▶ _Exercise objective_
Could you copy exactly the lines below, beginning at the line with "국민의힘 나경원·원희룡·윤상현·한동훈 당대표" and stopping after the line with "Jersey moderno y", with no pictures?

▶ _Supplied material_
————
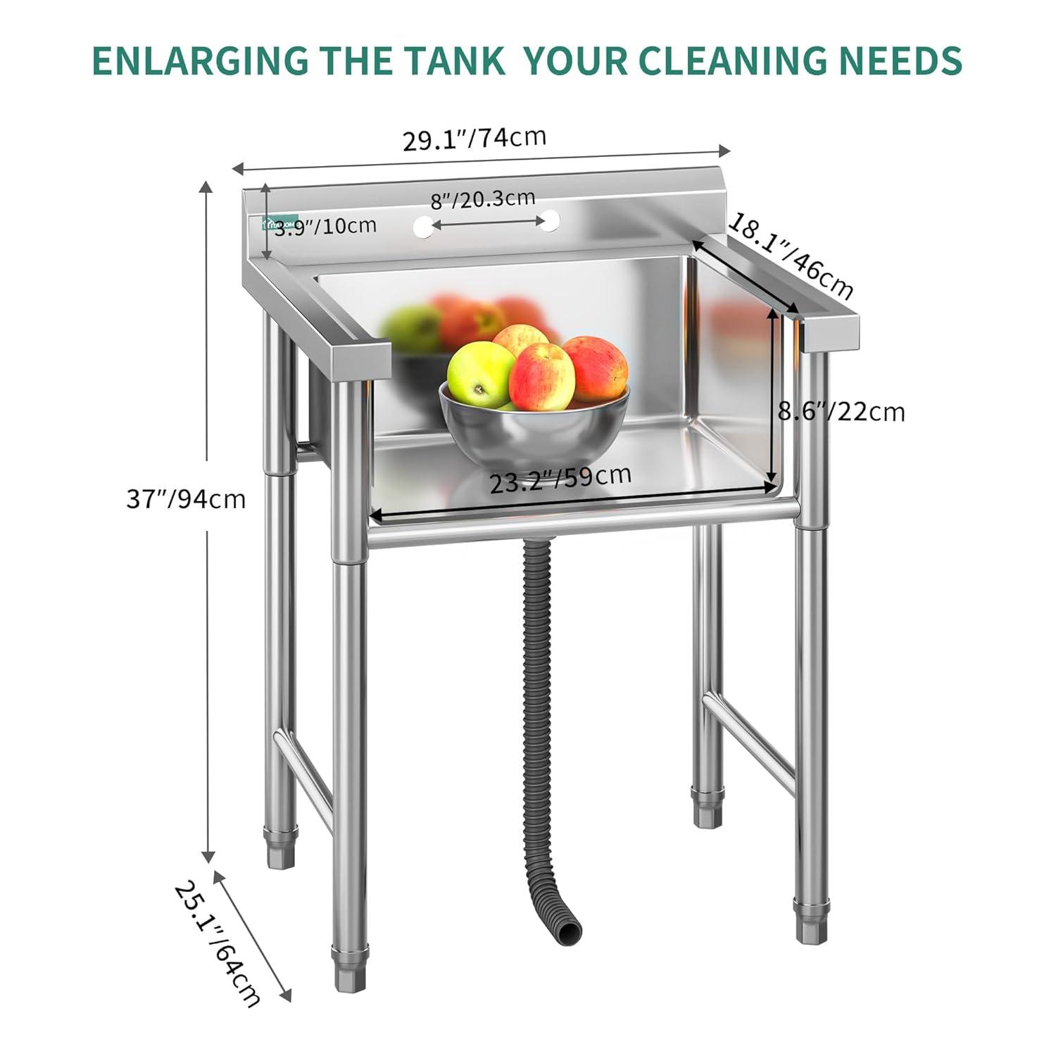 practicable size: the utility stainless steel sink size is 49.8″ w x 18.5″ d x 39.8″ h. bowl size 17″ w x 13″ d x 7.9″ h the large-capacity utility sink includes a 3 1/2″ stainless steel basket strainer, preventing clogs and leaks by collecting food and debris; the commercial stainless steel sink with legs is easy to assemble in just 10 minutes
————
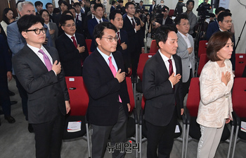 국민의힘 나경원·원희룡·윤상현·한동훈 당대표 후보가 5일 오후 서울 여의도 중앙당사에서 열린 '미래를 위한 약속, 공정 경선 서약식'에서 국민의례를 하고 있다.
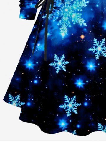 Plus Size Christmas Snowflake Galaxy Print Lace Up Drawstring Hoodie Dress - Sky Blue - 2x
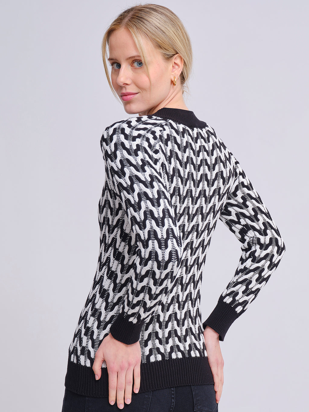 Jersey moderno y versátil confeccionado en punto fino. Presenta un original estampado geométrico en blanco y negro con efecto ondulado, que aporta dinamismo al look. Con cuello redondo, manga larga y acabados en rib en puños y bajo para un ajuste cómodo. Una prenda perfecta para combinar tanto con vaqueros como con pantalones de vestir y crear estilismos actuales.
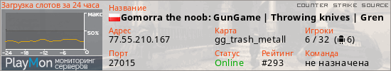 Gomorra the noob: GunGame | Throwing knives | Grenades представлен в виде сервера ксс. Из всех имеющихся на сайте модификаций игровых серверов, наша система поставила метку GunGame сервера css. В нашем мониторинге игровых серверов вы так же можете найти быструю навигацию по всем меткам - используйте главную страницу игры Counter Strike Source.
————
▶ _Response area_
 국민의힘 나경원·원희룡·윤상현·한동훈 당대표 후보가 5일 오후 서울 여의도 중앙당사에서 열린 '미래를 위한 약속, 공정 경선 서약식'에서 국민의례를 하고 있다.
 Plus Size Christmas Snowflake Galaxy Print Lace Up Drawstring Hoodie Dress - Sky Blue - 2x
 Jersey moderno y versátil confeccionado en punto fino. Presenta un original estampado geométrico en blanco y negro con efecto ondulado, que aporta dinamismo al look. Con cuello redondo, manga larga y acabados en rib en puños y bajo para un ajuste cómodo. Una prenda perfecta para combinar tanto con vaqueros como con pantalones de vestir y crear estilismos actuales.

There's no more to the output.